[Excerpts from a dataset]
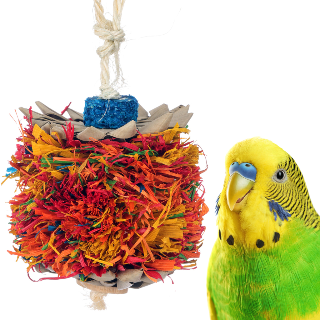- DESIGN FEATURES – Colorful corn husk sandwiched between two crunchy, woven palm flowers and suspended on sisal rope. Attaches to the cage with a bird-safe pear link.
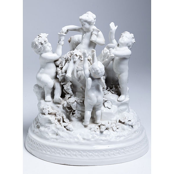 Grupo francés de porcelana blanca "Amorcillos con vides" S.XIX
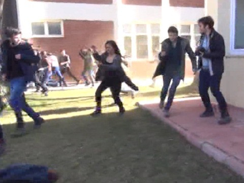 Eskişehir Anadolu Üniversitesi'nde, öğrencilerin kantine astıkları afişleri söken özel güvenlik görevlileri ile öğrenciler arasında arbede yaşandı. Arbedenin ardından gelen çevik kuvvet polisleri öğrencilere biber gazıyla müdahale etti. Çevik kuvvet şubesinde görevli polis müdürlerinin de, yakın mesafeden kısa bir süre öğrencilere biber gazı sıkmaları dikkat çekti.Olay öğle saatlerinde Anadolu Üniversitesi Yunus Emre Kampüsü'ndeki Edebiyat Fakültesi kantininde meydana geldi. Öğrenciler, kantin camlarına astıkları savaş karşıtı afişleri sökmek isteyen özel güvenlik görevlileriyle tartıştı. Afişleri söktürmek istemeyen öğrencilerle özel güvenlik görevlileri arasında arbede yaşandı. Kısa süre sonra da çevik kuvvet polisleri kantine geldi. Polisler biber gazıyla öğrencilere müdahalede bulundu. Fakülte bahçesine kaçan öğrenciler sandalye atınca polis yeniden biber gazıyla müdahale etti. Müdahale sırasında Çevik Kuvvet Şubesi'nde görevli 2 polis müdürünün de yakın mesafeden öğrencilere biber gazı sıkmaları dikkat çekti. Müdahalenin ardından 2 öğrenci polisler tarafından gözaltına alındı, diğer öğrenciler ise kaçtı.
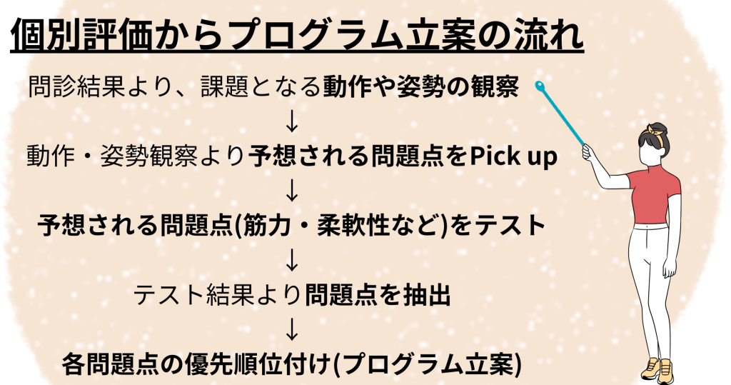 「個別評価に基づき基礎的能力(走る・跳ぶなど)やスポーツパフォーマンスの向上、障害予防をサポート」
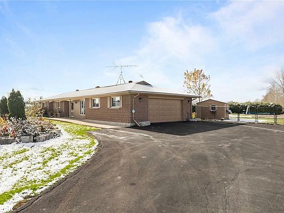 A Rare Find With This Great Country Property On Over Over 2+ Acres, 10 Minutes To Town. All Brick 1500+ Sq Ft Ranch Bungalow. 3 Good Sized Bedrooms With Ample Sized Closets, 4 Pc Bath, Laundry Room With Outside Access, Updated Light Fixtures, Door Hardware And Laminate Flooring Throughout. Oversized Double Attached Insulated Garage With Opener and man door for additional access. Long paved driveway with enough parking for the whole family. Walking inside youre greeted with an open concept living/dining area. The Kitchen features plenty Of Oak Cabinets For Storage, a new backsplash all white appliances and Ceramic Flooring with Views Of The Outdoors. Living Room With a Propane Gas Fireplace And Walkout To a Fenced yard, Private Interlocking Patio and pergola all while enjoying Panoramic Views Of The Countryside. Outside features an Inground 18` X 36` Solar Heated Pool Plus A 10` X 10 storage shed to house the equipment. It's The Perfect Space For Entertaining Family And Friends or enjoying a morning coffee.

Problem to work on ▸ For this exercise, return the records above in full and exactly, omitting the images.

Answer area ▸
- DESIGN FEATURES – Colorful corn husk sandwiched between two crunchy, woven palm flowers and suspended on sisal rope. Attaches to the cage with a bird-safe pear link.
 Grupo francés de porcelana blanca "Amorcillos con vides" S.XIX
 Eskişehir Anadolu Üniversitesi'nde, öğrencilerin kantine astıkları afişleri söken özel güvenlik görevlileri ile öğrenciler arasında arbede yaşandı. Arbedenin ardından gelen çevik kuvvet polisleri öğrencilere biber gazıyla müdahale etti. Çevik kuvvet şubesinde görevli polis müdürlerinin de, yakın mesafeden kısa bir süre öğrencilere biber gazı sıkmaları dikkat çekti.Olay öğle saatlerinde Anadolu Üniversitesi Yunus Emre Kampüsü'ndeki Edebiyat Fakültesi kantininde meydana geldi. Öğrenciler, kantin camlarına astıkları savaş karşıtı afişleri sökmek isteyen özel güvenlik görevlileriyle tartıştı. Afişleri söktürmek istemeyen öğrencilerle özel güvenlik görevlileri arasında arbede yaşandı. Kısa süre sonra da çevik kuvvet polisleri kantine geldi. Polisler biber gazıyla öğrencilere müdahalede bulundu. Fakülte bahçesine kaçan öğrenciler sandalye atınca polis yeniden biber gazıyla müdahale etti. Müdahale sırasında Çevik Kuvvet Şubesi'nde görevli 2 polis müdürünün de yakın mesafeden öğrencilere biber gazı sıkmaları dikkat çekti. Müdahalenin ardından 2 öğrenci polisler tarafından gözaltına alındı, diğer öğrenciler ise kaçtı.
 「個別評価に基づき基礎的能力(走る・跳ぶなど)やスポーツパフォーマンスの向上、障害予防をサポート」
 A Rare Find With This Great Country Property On Over Over 2+ Acres, 10 Minutes To Town. All Brick 1500+ Sq Ft Ranch Bungalow. 3 Good Sized Bedrooms With Ample Sized Closets, 4 Pc Bath, Laundry Room With Outside Access, Updated Light Fixtures, Door Hardware And Laminate Flooring Throughout. Oversized Double Attached Insulated Garage With Opener and man door for additional access. Long paved driveway with enough parking for the whole family. Walking inside youre greeted with an open concept living/dining area. The Kitchen features plenty Of Oak Cabinets For Storage, a new backsplash all white appliances and Ceramic Flooring with Views Of The Outdoors. Living Room With a Propane Gas Fireplace And Walkout To a Fenced yard, Private Interlocking Patio and pergola all while enjoying Panoramic Views Of The Countryside. Outside features an Inground 18` X 36` Solar Heated Pool Plus A 10` X 10 storage shed to house the equipment. It's The Perfect Space For Entertaining Family And Friends or enjoying a morning coffee.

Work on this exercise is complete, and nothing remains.